Thursday 25 May 2017

Two Ascensions

Today is Ascension Day (and, as it happens, my late father's 108th birthday).
 The Ascension of Christ has proved a challenging subject for painters, involving as it does a two-tier composition, with Earth and astonished disciples below, Heaven and the ascending Christ above. This posed no particular problems for artists working in the Byzantine tradition of flat, two-dimensional picture space. But to present the scene naturalistically, in the three-dimensional world of Renaissance and later art, was more difficult.
 The picture above, by Perugino, tackles the problem by presenting what is essentially a static, two-dimensional image of the scene, but with each element painted naturalistically, the figures rounded and lit as if in three-dimensional space. The image is so patterned and tightly structured that it could almost be a stained-glass window. Note those formal, symmetrical angels and that mandorla of cherubim heads around Christ. But note too the shadows on the ground and that lovely Umbrian landscape in the blue distance.
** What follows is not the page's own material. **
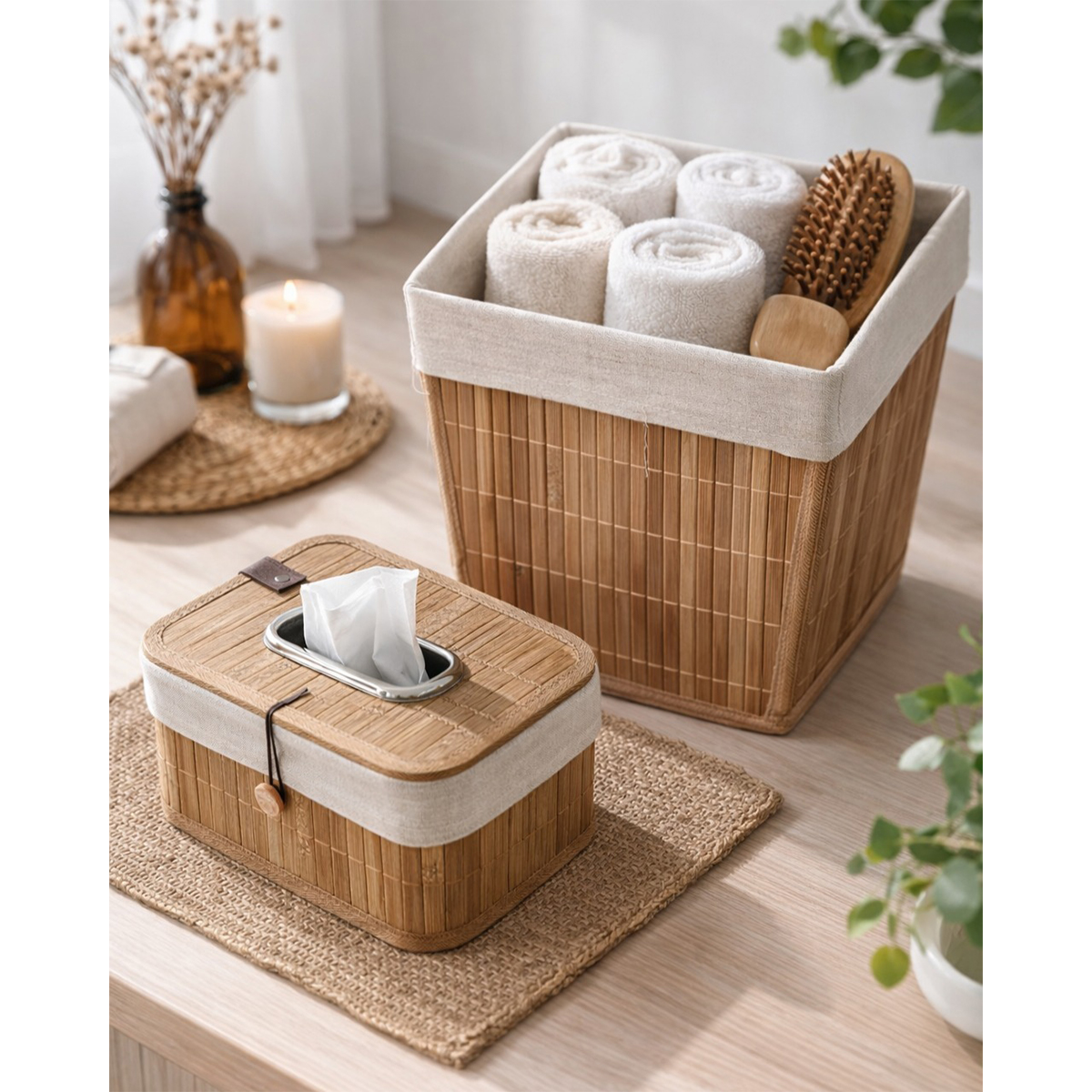 Pack de 2 Paniers de rangement en bambou 1 Paniers de rangement et 1 boîte distributeur à papier, style vintage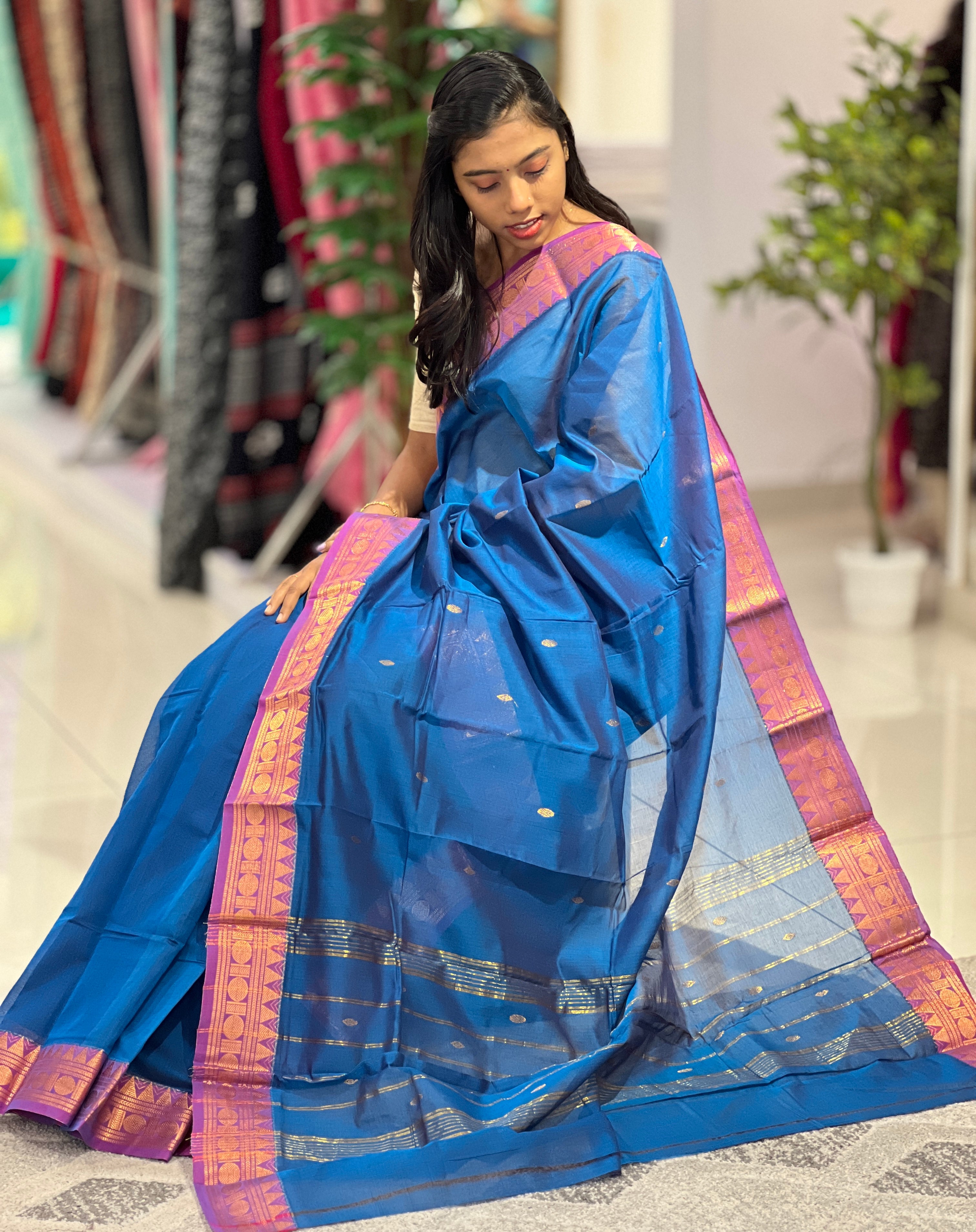 - Style: Buta Weaved Pattern, Zari With Temple Border Detailing, Line Pattern

 For a completely different approach, consider the picture below, a modello by Tiepolo (probably G.B. and his son G.D. working together, as they often did). Air was Tiepolo's element, and skies - skies peopled with dramatically posed figures in ravishing colours - were his forte; no one painted ceilings with such convincing pictorial depth, or rather height, and his clouds are as eloquent and perfectly placed as his figures. Jesus ascending into clouds, to his disciples' astonishment, was a subject that came naturally to him (as did the Assumption of the Virgin, which he painted many times). His version of the Ascension might lack religious intensity, but as a piece of masterly painting there's no arguing with it.